Rosemarie Trockel

Drawings, Collages and Book Drafts

29 January - 30 April 2011

Image of Rosemarie Trockel's Unititled 2000

Talbot Rice Gallery was the only UK venue for 'Rosemarie Trockel Drawings, Collages and Book Drafts', the largest display of works on paper to date by the internationally renowned artist. The exhibition was a partnership between Talbot Rice Gallery, Kunstmuseum Basel and Kunstmuseum Bonn. Due to the scale of the exhibition, featuring nearly 200 drawings, collages and book drafts, it was hung in all rooms of the gallery.

Within the Academic tradition of Fine Art, drawing was exclusively part of a (predominantly male) artist’s preparatory work and training; it was a starting point for a longer process that was intended to result in a fully resolved oil painting, meticulously worked to remove all brush stokes and signs of uncertainty. Within Rosemarie Trockel’s contemporary practice this uncertainty has become a central part of a strategy to undermine the authoritative systems that have, and continue to, administer specific representations of reality and prescribe certain subjective positions.

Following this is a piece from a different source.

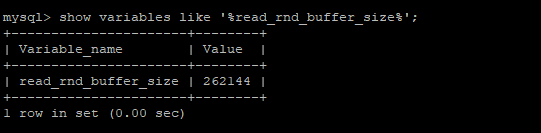 配置项:read_rnd_buffer_size 用来配置上述描述的键值缓冲区大小,默认为256K;当发生溢出时,执行器只对已经缓存的数据进行排序。

Trockel mistrusts the evidence of the pictorial, the clarity and lack of ambiguity of the absolutist approach, and prefers to populate her pictures with chimeras and grotesques that at times seem comical, at times inscrutable

Christoph Schreier

Trockel’s ‘mistrust’ stems from the fact that she has continually encountered opposition within a male dominated art world; although the artist builds upon a strong German artistic context, which includes Joseph Beuys and Martin Kippenberger, she is critical of its implicit machismo. Against an Enlightenment tradition to treat the self as a rational, finite entity, the anthropomorphic figures in Trockel’s drawings blur the boundaries between representations of conscious and unconscious, human and animal states.

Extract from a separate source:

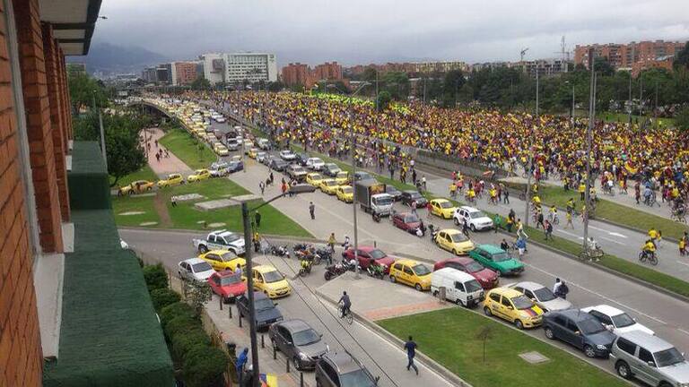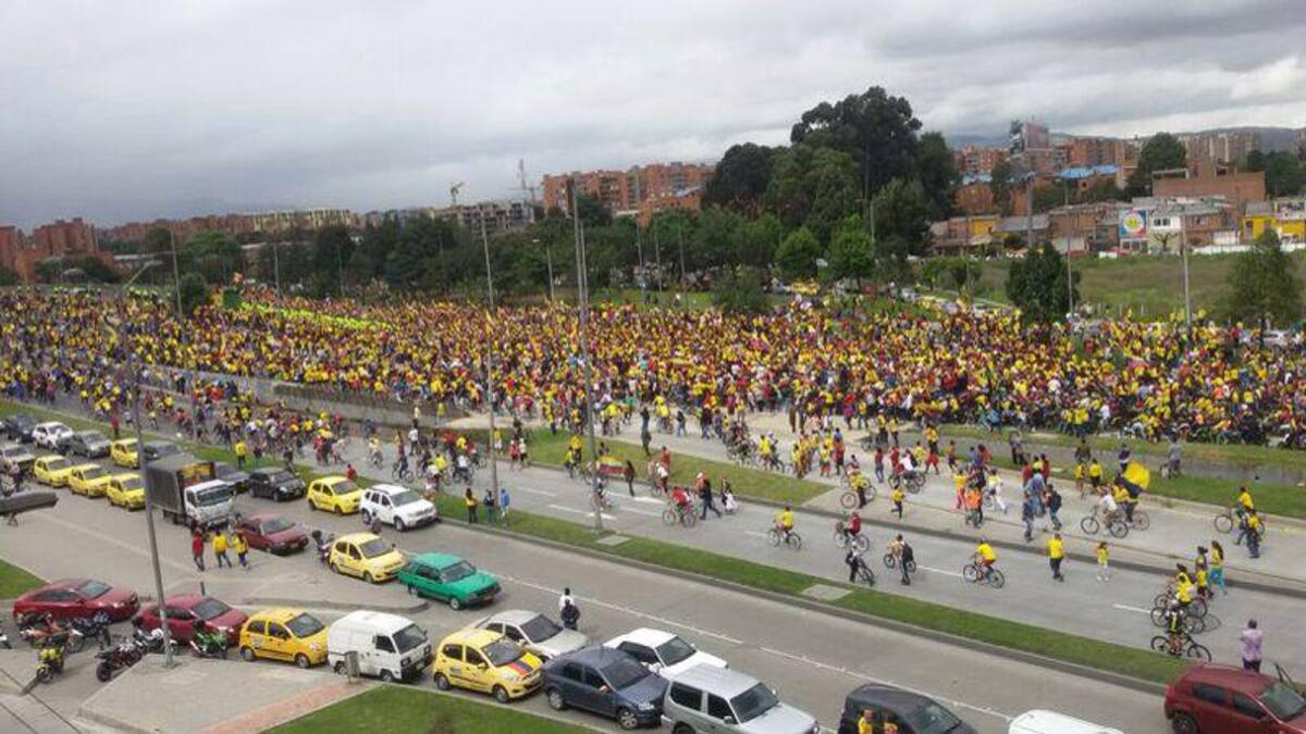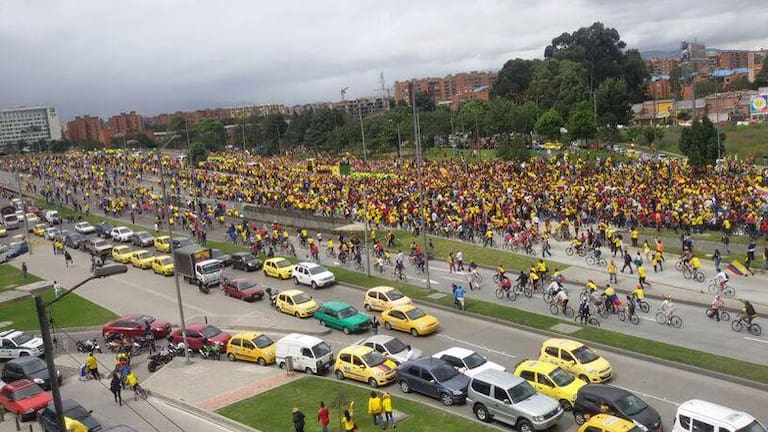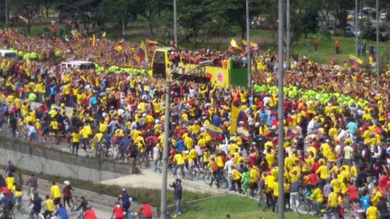 Un mar de camisetas amarillas en Bogotá.

Rosemarie Trockel, Vorstudie (Preliminary Study), 1989

Since 2004, collages have become a distinct part of Rosemarie Trockel’s oeuvre, often allowing her to recombine aspects of her multifaceted practice, which has included photography, film, sculpture and installation. If drawing allows Trockel, “both springboard and experimental space [that] for all its heterogeneity evinces continuities of both form and space” *, then collage allows those forms and spaces to be reworked and re-contextualised.

Rosemarie Trockel has long worked on book drafts - small examples of books that could possibly be produced - which became a central part of her practice. This exhibition marked the first time book drafts have been exhibited so extensively. Bearing a similarity to sketchbooks, they, “reveal much about Trockel’s thinking process while keeping the inquisitive reader at a safe distance” **.

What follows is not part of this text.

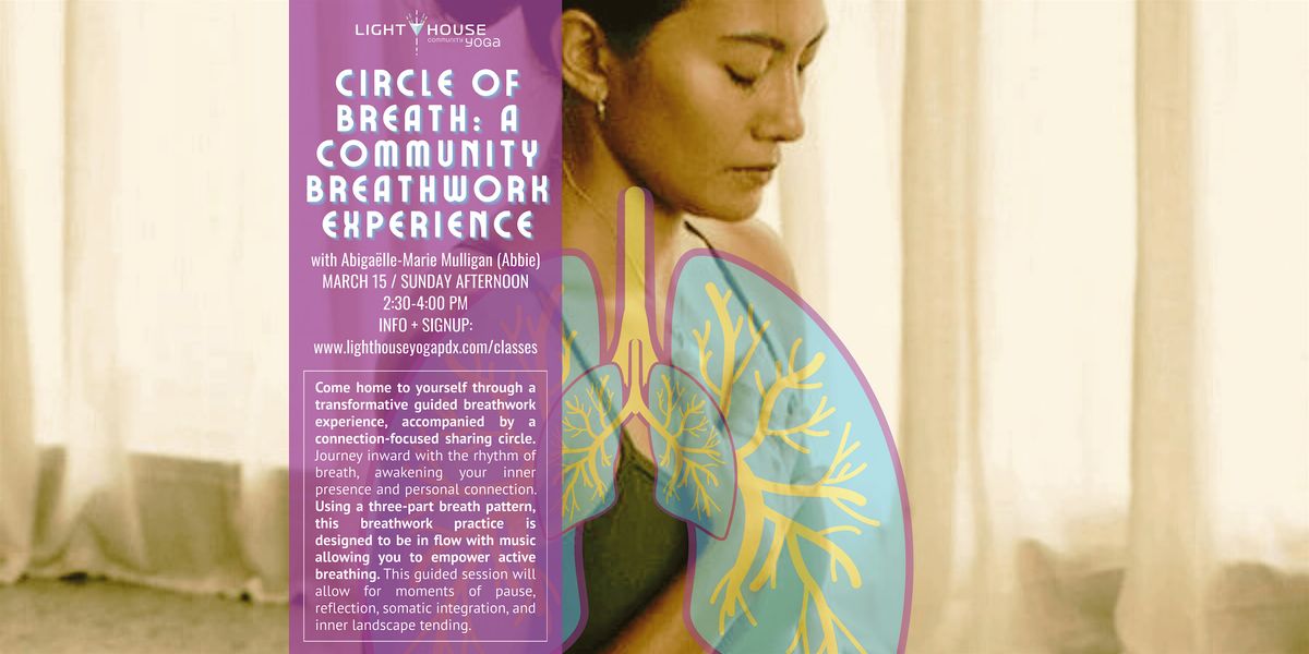 CIRCLE OF BREATH: A COMMUNITY BREATHWORK EXPERIENCE with Abigaëlle-Marie Mulligan (Abbie) @ Lighthouse Community Yoga PDX / MARCH 15 / SUNDAY AFTERNOON / 2:30-4:00 PM

Like her drawings, the book drafts consciously play with expectations and negate easy readings. They open up the possibility of interpreting Trockel’s work in a non-linear fashion, seeing them as potential ideas for future works, while simultaneously being a record of her past ideas. These works also suggest art therapy in which fears might be realised and faced. Indeed, the exhibition as a whole seemed to reveal a much deeper set of fears, where all that is repressed by strict systems of representation appears to return.

Rosemarie Trockel (1952) became prominent in the mid 1980s with her now famous ‘knitted pictures’. Today Trockel is highly regarded internationally and has won several awards for her sophisticated practice, represented Germany at the Venice Biennale (1999 and 2003) and her work is represented in collections worldwide. Rosemarie Trockel lives and works in Cologne.

* Christoph Schreier (2010) in the exhibition catalogue (Questioning the Middle: People, Animals, and Mutants in Rosemarie Trockels Work’s on Paper).

** Gregory Williams (2010) in the exhibition catalogue (The Art of Indecision: Rosemarie Trockel’s Book Drafts).